*** Opening of STORED DATA ***

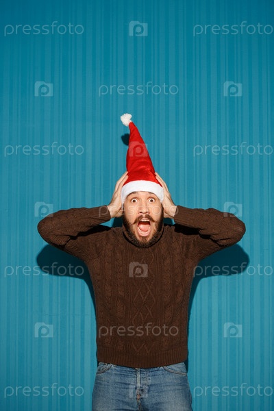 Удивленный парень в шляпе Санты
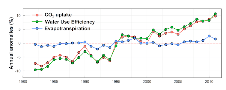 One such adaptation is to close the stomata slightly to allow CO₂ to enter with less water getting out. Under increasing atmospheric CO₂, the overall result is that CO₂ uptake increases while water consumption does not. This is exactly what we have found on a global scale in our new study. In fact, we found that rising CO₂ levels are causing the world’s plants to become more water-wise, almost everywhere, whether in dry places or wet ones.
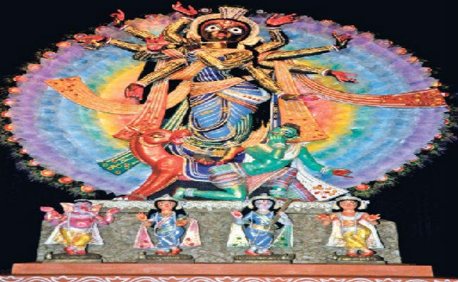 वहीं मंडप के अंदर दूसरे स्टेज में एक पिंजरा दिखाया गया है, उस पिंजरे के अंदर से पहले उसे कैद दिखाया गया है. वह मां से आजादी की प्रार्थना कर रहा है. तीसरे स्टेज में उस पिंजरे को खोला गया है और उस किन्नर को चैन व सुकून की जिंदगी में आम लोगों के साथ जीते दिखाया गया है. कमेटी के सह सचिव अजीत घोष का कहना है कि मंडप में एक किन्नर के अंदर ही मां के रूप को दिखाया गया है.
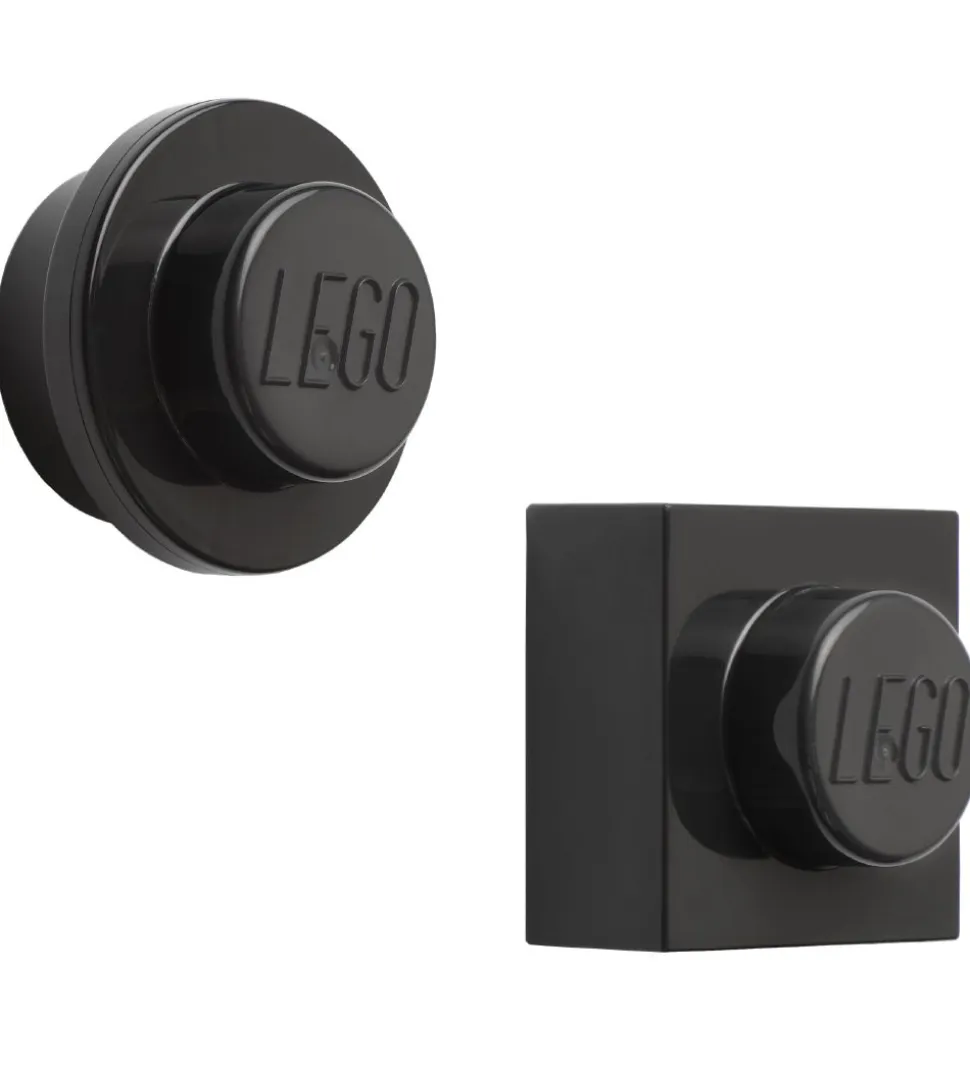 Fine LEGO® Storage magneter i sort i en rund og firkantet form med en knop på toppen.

*** Close of STORED DATA ***

Transcribe the whole of the data exactly, minus any pictures.

EXERCISE SOLUTION:
 Удивленный парень в шляпе Санты
 One such adaptation is to close the stomata slightly to allow CO₂ to enter with less water getting out. Under increasing atmospheric CO₂, the overall result is that CO₂ uptake increases while water consumption does not. This is exactly what we have found on a global scale in our new study. In fact, we found that rising CO₂ levels are causing the world’s plants to become more water-wise, almost everywhere, whether in dry places or wet ones.
 वहीं मंडप के अंदर दूसरे स्टेज में एक पिंजरा दिखाया गया है, उस पिंजरे के अंदर से पहले उसे कैद दिखाया गया है. वह मां से आजादी की प्रार्थना कर रहा है. तीसरे स्टेज में उस पिंजरे को खोला गया है और उस किन्नर को चैन व सुकून की जिंदगी में आम लोगों के साथ जीते दिखाया गया है. कमेटी के सह सचिव अजीत घोष का कहना है कि मंडप में एक किन्नर के अंदर ही मां के रूप को दिखाया गया है.
 Fine LEGO® Storage magneter i sort i en rund og firkantet form med en knop på toppen.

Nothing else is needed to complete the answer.